COVID-19 has been declared a global pandemic by the World Health Organization (WHO). The NBA season has been postponed until further notice. Conventions, conferences sport events and festivals around North America are being cancelled. It may be inevitable that COVID-19 will impact ongoing project worksites across Canada.
What happens if a contractor is unable to fulfill contractual obligations because of COVID-19? Could this trigger the ‘force majeure’ provisions outlined in many contracts?
Force majeure is defined as a contract provision excusing a party from performing its contractual obligations when it becomes impossible or impracticable due to an event or effect that the parties could not have anticipated or controlled when the contract was signed. Earthquakes, floods and hurricanes are examples. However, does force majeure cover epidemics or pandemics?
Elliot Smith, Jagriti Singh and Danna Donald of law firm Osler, Hoskin & Harcourt LLP, recently write that the list of force majeure events included in many contracts does, in fact, include epidemics or pandemics.
“The Ontario Independent Electricity System Operator’s (IESO) forms of agreement include a specific reference to ‘epidemics’ in the definition of an event of force majeure.”
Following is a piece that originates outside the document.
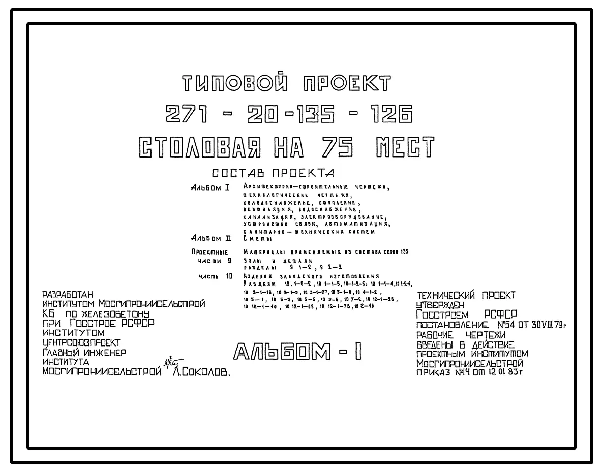 Типовой проект 271-20-135-126 Столовая на 75 мест (из изделий серии 135). Для строительства в 1В климатическом подрайоне, 2 и 3 климатических районах.

Other jurisdictions such as Alberta have adopted those references, and have based their forms of agreement on the IESO’s. As a result, Smith, Singh and Donald say it has become more common for contractors to “back-to-back” force majeure clauses described in their supply contracts into their construction contracts.
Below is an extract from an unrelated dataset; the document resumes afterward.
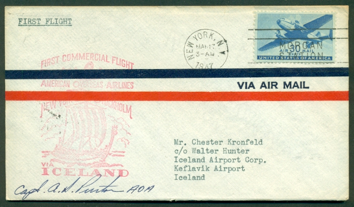 First Flight U.S. – Stockholm VIA ICELAND, proper cachet with transit

Not all contracts specifically mention epidemics and pandemics. Nevertheless, Smith, Singh and Donald suggest that an event like COVID-19 might still come in under the wire. “This is the case in the Canadian Construction Documents Committee (CCDC) 2 stipulated price contract and the CCDC 5B construction management contract. In those circumstances, COVID-19 could potentially still qualify as a force majeure if the definition includes open-ended language covering any other causes beyond the party’s control (which is the case in the CCDC documents).”
It’s not advisable to rely solely on general contract language for protection but to look at the details. There might be restrictions on force majeure provisions based on circumstance, such as impacts felt by subcontractors but not by the contracted party themselves.
Timing is also now an issue. It could be argued that COVID-19 does not qualify as a force majeure event in contracts executed after December 2019 — when the virus became known. It’s also important to recognise that the WHO has stated that, “the likelihood of an infected person contaminating commercial goods is low and the risk of catching the virus that causes COVID-19 from a package that has been moved, travelled, and exposed to different conditions and temperature is also low.”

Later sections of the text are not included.